How to complete this task — Below are entries. Give back exactly the lines from the one containing "2月10日,中國(guó)隊" through the one containing "Продается современная 3-х", inclusive, without the pictures.

Entries taken from a collection
*****

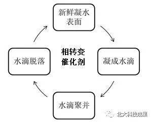 通过纺制异形聚酰胺纤维(指尼龙6)来提高聚酰胺纤维的凝水性能,相当于做一种相转变催化剂,实现“新鲜凝水表面-凝成水滴-水滴聚并-水滴脱落-新鲜凝水表面”这样一个循环(如图),从而提高人类从空气中取水的效率。
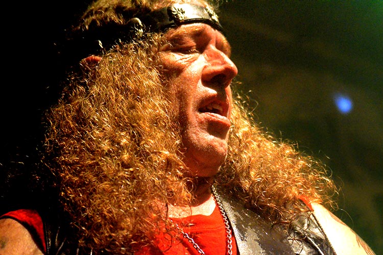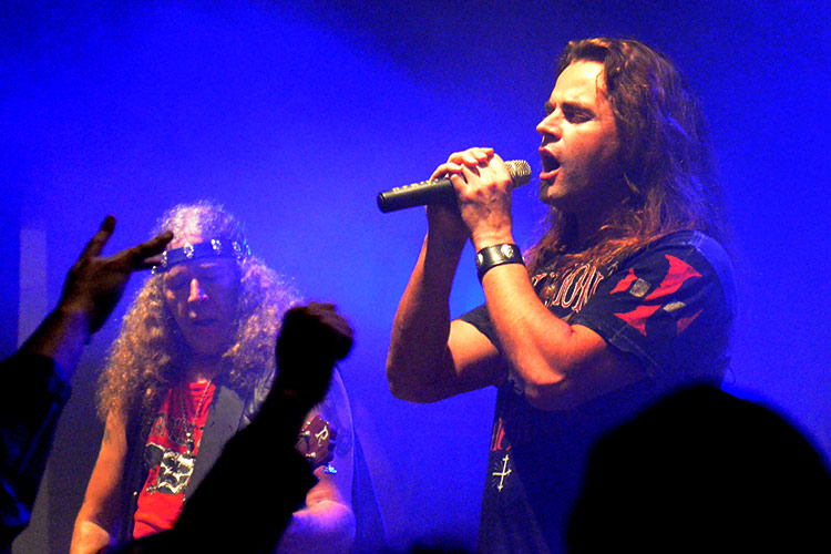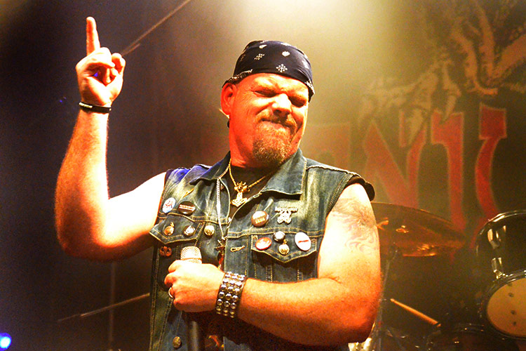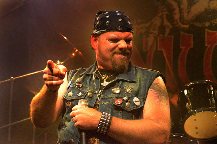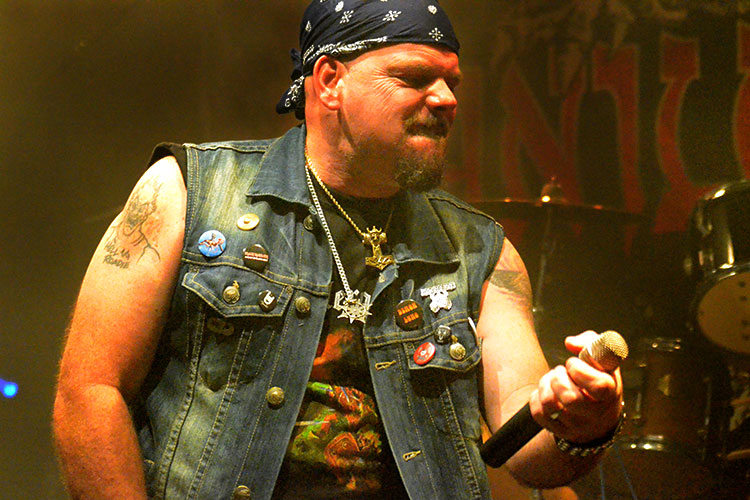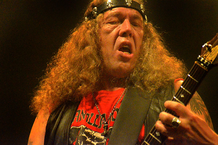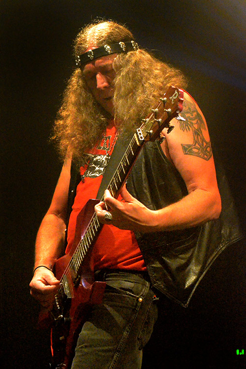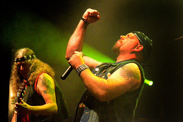 Zumindest live hält er sich inzwischen als Sänger zurück, um sich aufs Gitarrenspiel zu konzentrieren. Mit dem Ex- Roadie Bryan Patrick (rechts) wurde ein neuer Shouter gefunden, der Sheltons Gekrächze erstaunlicherweise nahezu perfekt imitiert. Als Drummer fungiert seit 2011 der Deutsche Andreas Neuderth, der auch bei ROXXCALIBUR und dem Opener MASTERS OF DISGUISE tätig ist.
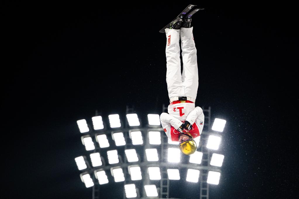 2月10日,中國(guó)隊(duì)選手賈宗洋在北京冬奧會(huì)自由式滑雪空中技巧混合團(tuán)體決賽比賽中。新華社記者肖藝九攝
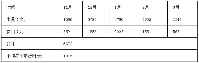 通過(guò)一個(gè)冬天檢測(cè),室內(nèi)采暖溫度設(shè)置恒溫20℃左右采暖,運(yùn)行數(shù)據(jù)如表4。據(jù)客戶(hù)反饋,一個(gè)采暖季下來(lái)才六千多元,平均一個(gè)月僅1200多元,節(jié)能明顯?蛻(hù)表示:“空氣源熱泵采暖效果很好,相比燒煤舒服多了,省去了很多麻煩,運(yùn)行費(fèi)用也不高。”
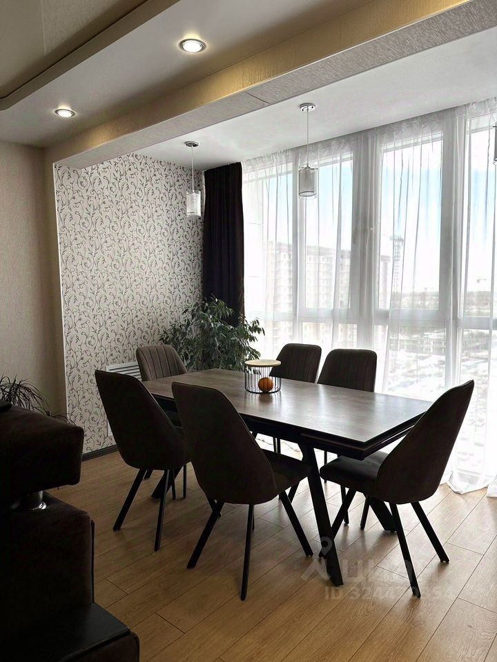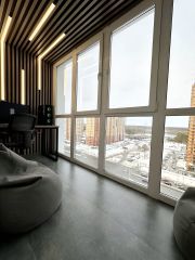 Продается современная 3-х комнатная квартира с двумя утепленными лоджиями c панорамными окнами, одна объединена с обеденной зоной, вторая используется в качестве кабинета.
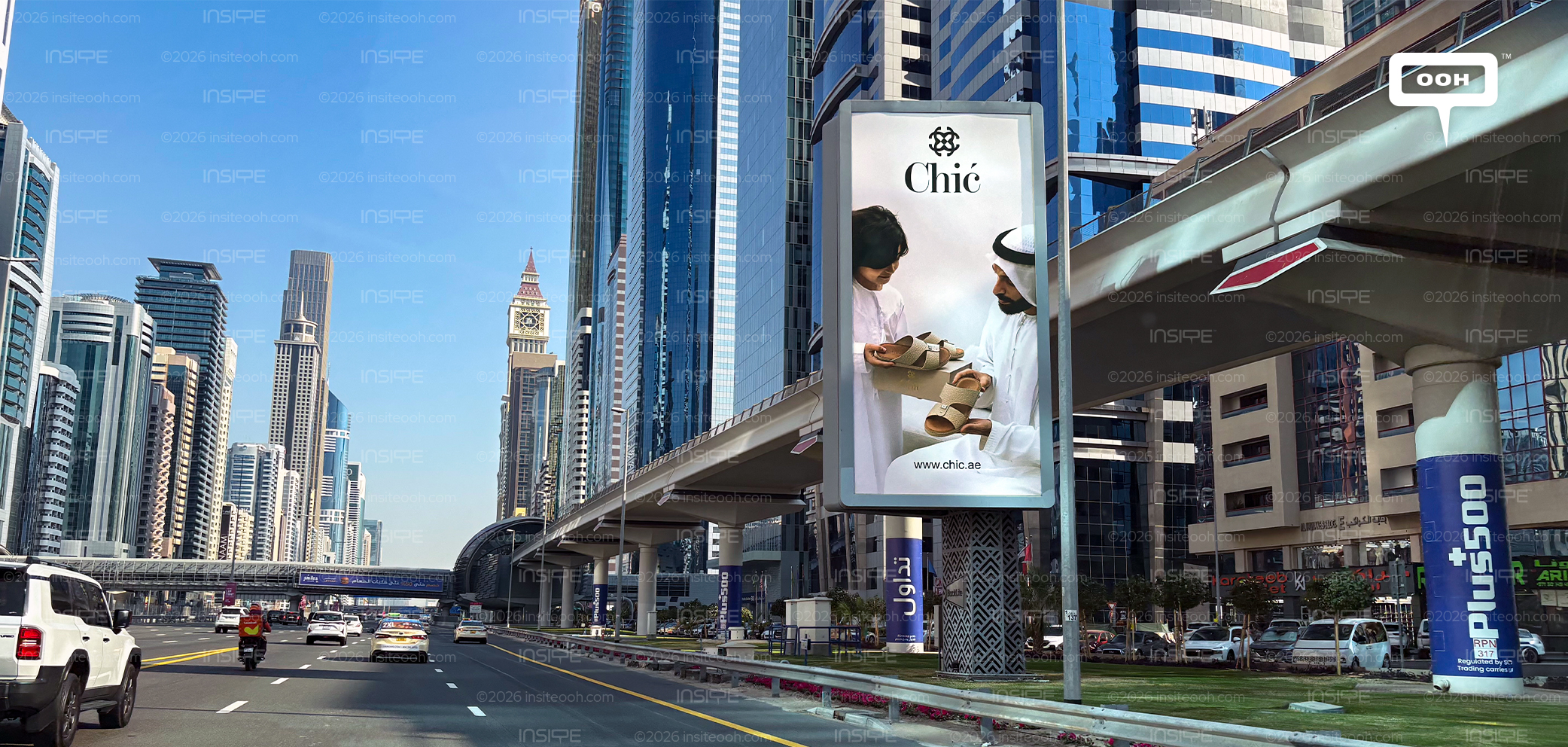 Other ad spaces feature elegant shots of women’s leather bags. All visuals are accompanied by the CHIC logo, while the Arabic line announcing the store's opening at City Centre Ajman grounds the message in immediacy and relevance. There is no clutter, no competing calls to action, just one clear takeaway delivered with poise. In a region where family, heritage, and continuity mean so much, CHIC speaks to values, not price points. This billboard doesn't just sell accessories, it sells trust, tradition, and shared taste across generations.
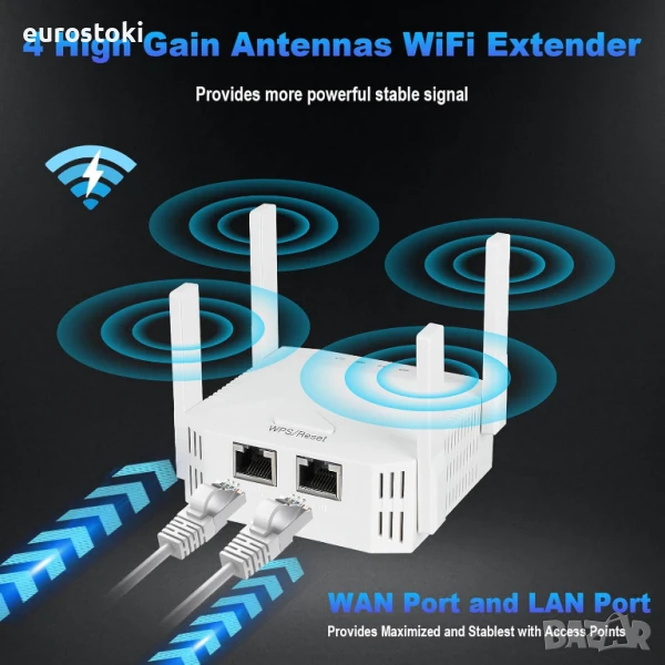 WiFi усилвател, 1200Mbps WiFi ретранслатор Ethernet порт, 2.4GHz/5GHz двубандов, защита от смущения, 4 *антени, покрива до 74 кв. метра и 45 устройства, на работа в реле/точка за достъп
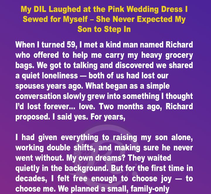 I’m Tina. I’m 60 years old, and I’d just sewn myself a pink wedding dress. After decades of putting everyone else first, I was finally doing something for me. But when my daughter-in-law publicly mocked me at my own wedding, I never expected my son to stand up and say what he did.
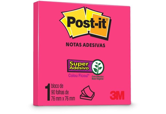 POST-IT 3M PINK NEON 76X76MM 90F NOTAS ADESIVAS
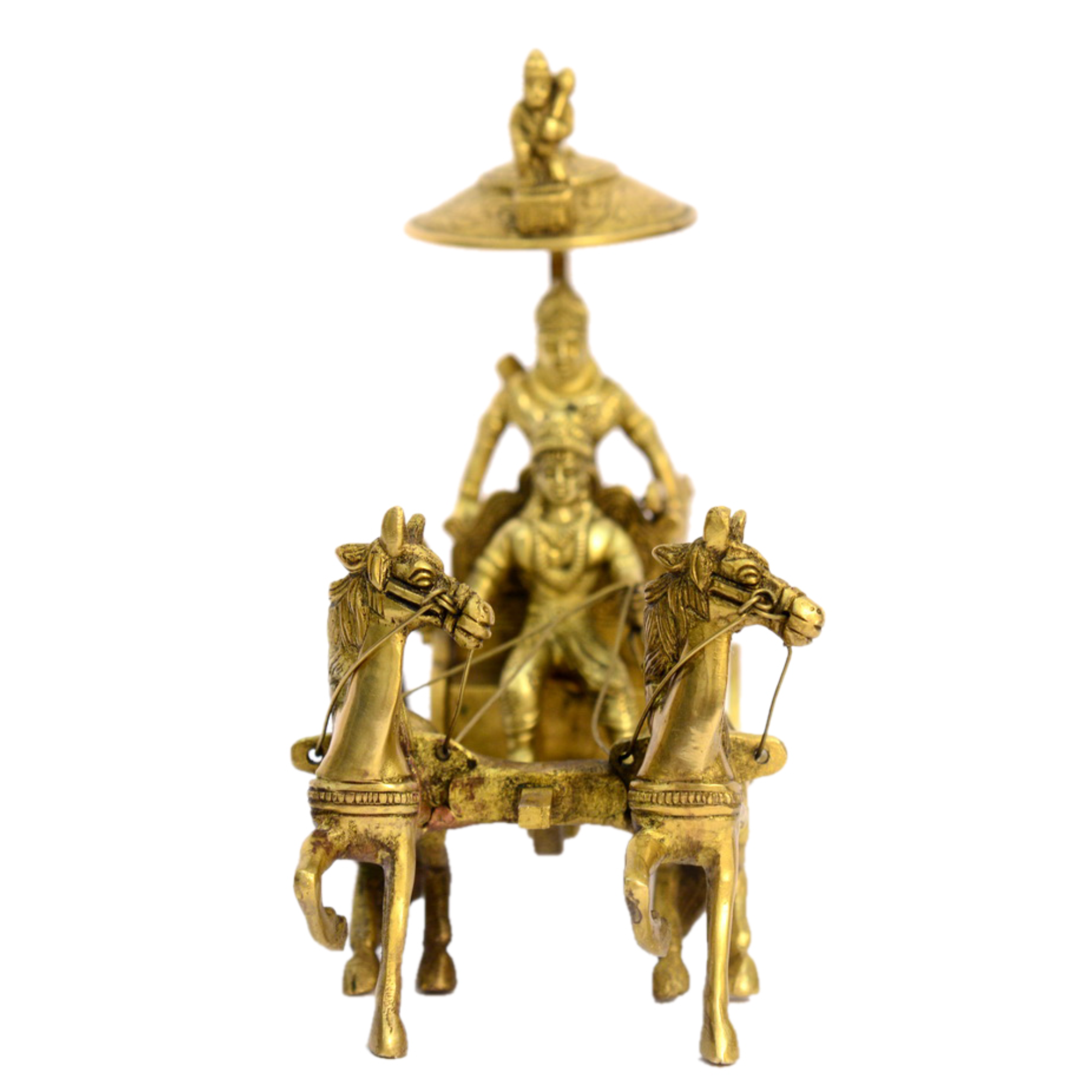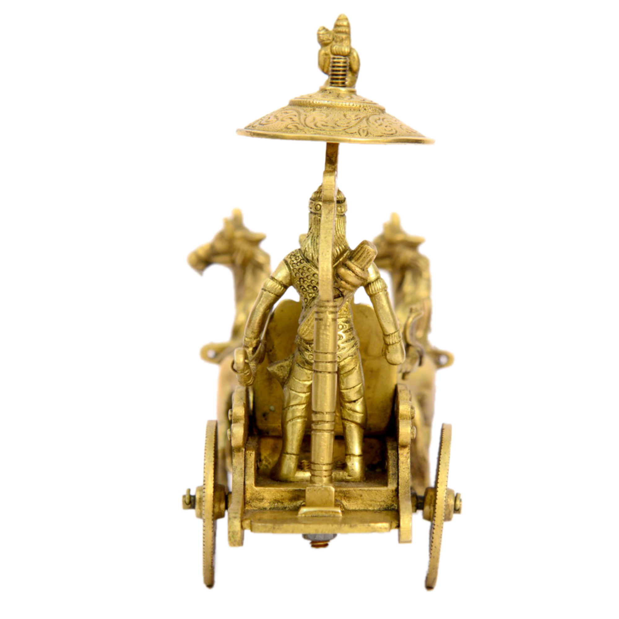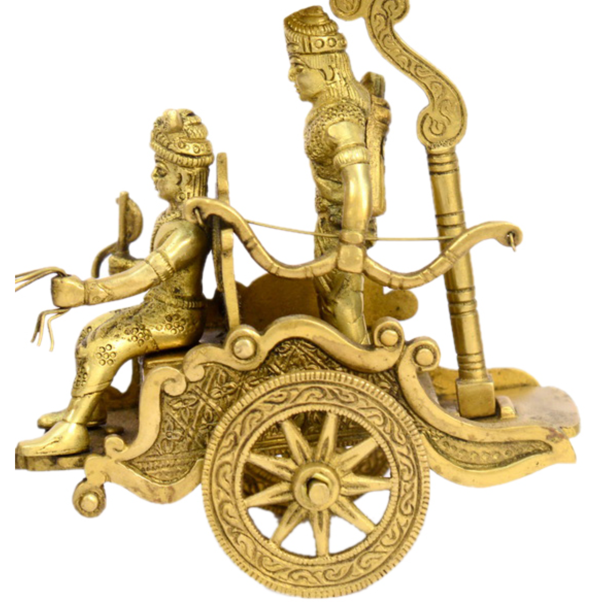 Design: Features a finely detailed brass chariot with Lord Arjun figurine, showcasing traditional craftsmanship and epic Mahabharata-inspired artistry.

*****

Problem solution —
 2月10日,中國(guó)隊(duì)選手賈宗洋在北京冬奧會(huì)自由式滑雪空中技巧混合團(tuán)體決賽比賽中。新華社記者肖藝九攝
 通過(guò)一個(gè)冬天檢測(cè),室內(nèi)采暖溫度設(shè)置恒溫20℃左右采暖,運(yùn)行數(shù)據(jù)如表4。據(jù)客戶(hù)反饋,一個(gè)采暖季下來(lái)才六千多元,平均一個(gè)月僅1200多元,節(jié)能明顯?蛻(hù)表示:“空氣源熱泵采暖效果很好,相比燒煤舒服多了,省去了很多麻煩,運(yùn)行費(fèi)用也不高。”
 Продается современная 3-х комнатная квартира с двумя утепленными лоджиями c панорамными окнами, одна объединена с обеденной зоной, вторая используется в качестве кабинета.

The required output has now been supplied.